Task → Copy out the entries below exactly as they stand, but only from the line containing "Learn how to" through the line containing "点评: 《乾坤战纪》本周开服".

Data under study →
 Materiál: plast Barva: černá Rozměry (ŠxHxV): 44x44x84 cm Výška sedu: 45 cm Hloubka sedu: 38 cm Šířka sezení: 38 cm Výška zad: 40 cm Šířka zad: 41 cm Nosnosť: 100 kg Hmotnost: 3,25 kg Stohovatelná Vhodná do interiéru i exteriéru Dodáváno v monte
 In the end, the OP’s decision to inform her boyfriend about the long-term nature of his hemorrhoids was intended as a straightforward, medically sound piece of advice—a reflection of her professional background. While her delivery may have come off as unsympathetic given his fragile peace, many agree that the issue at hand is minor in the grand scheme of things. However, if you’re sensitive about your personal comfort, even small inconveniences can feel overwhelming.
---
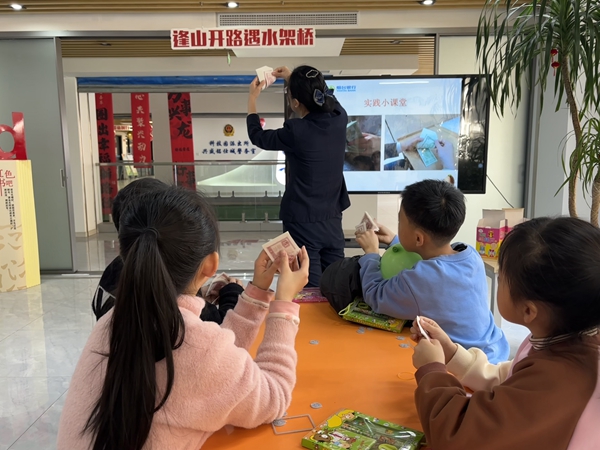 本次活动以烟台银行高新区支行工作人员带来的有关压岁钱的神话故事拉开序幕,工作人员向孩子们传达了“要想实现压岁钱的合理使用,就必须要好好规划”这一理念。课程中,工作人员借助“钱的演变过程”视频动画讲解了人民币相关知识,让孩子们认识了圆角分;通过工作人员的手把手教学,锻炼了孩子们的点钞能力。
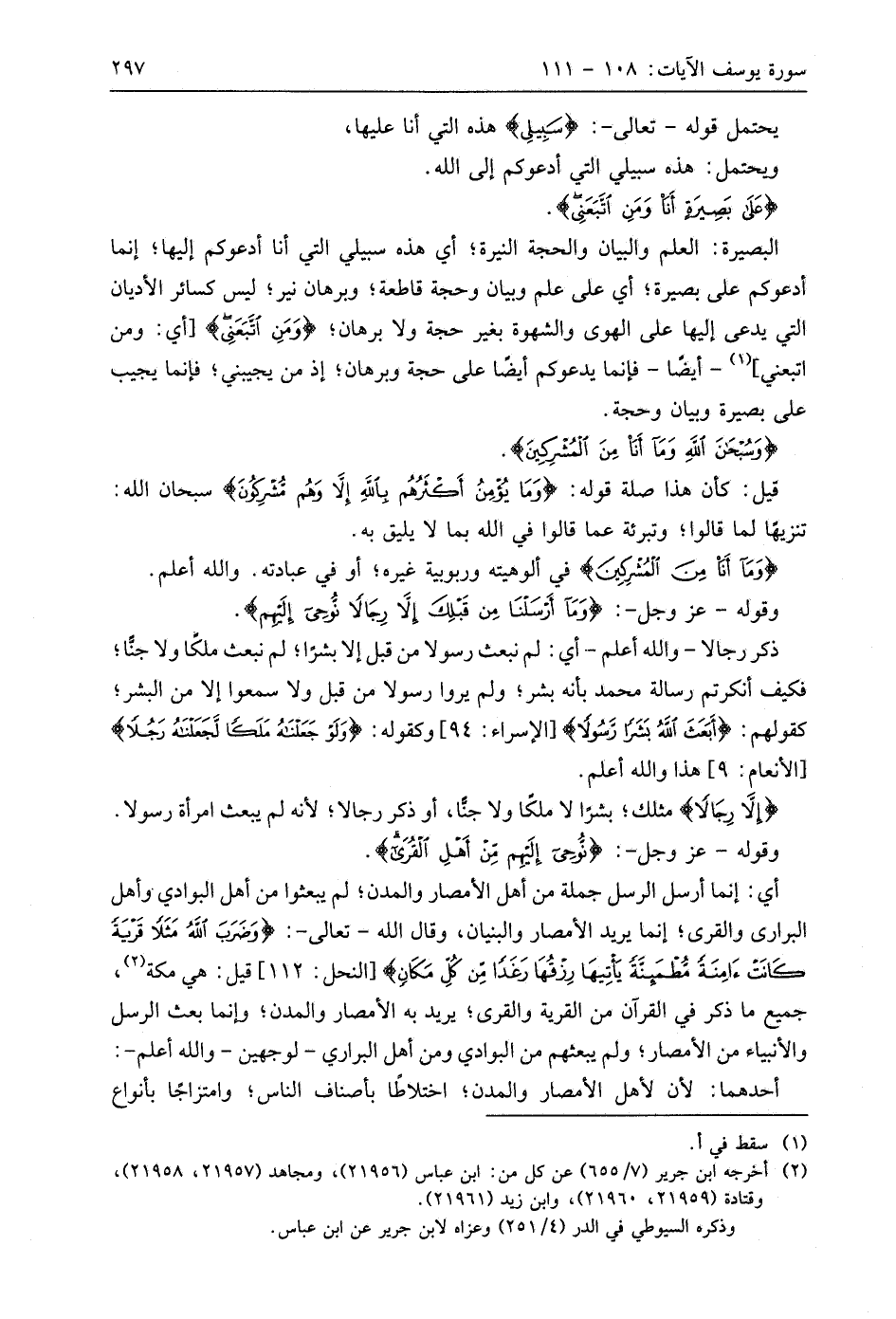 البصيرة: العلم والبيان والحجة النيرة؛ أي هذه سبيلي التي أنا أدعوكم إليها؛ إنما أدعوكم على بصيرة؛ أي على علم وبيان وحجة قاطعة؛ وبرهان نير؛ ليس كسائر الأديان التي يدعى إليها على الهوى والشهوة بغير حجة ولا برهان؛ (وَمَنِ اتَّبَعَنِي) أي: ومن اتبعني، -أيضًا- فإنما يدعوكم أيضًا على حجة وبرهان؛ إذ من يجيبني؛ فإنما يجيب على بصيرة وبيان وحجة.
...
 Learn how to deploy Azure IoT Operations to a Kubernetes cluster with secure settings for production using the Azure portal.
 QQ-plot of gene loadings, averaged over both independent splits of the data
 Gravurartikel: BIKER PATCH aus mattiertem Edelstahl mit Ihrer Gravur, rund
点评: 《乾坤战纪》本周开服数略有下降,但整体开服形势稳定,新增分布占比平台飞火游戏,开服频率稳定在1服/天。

Response to this task →
 Learn how to deploy Azure IoT Operations to a Kubernetes cluster with secure settings for production using the Azure portal.
 QQ-plot of gene loadings, averaged over both independent splits of the data
 Gravurartikel: BIKER PATCH aus mattiertem Edelstahl mit Ihrer Gravur, rund
点评: 《乾坤战纪》本周开服数略有下降,但整体开服形势稳定,新增分布占比平台飞火游戏,开服频率稳定在1服/天。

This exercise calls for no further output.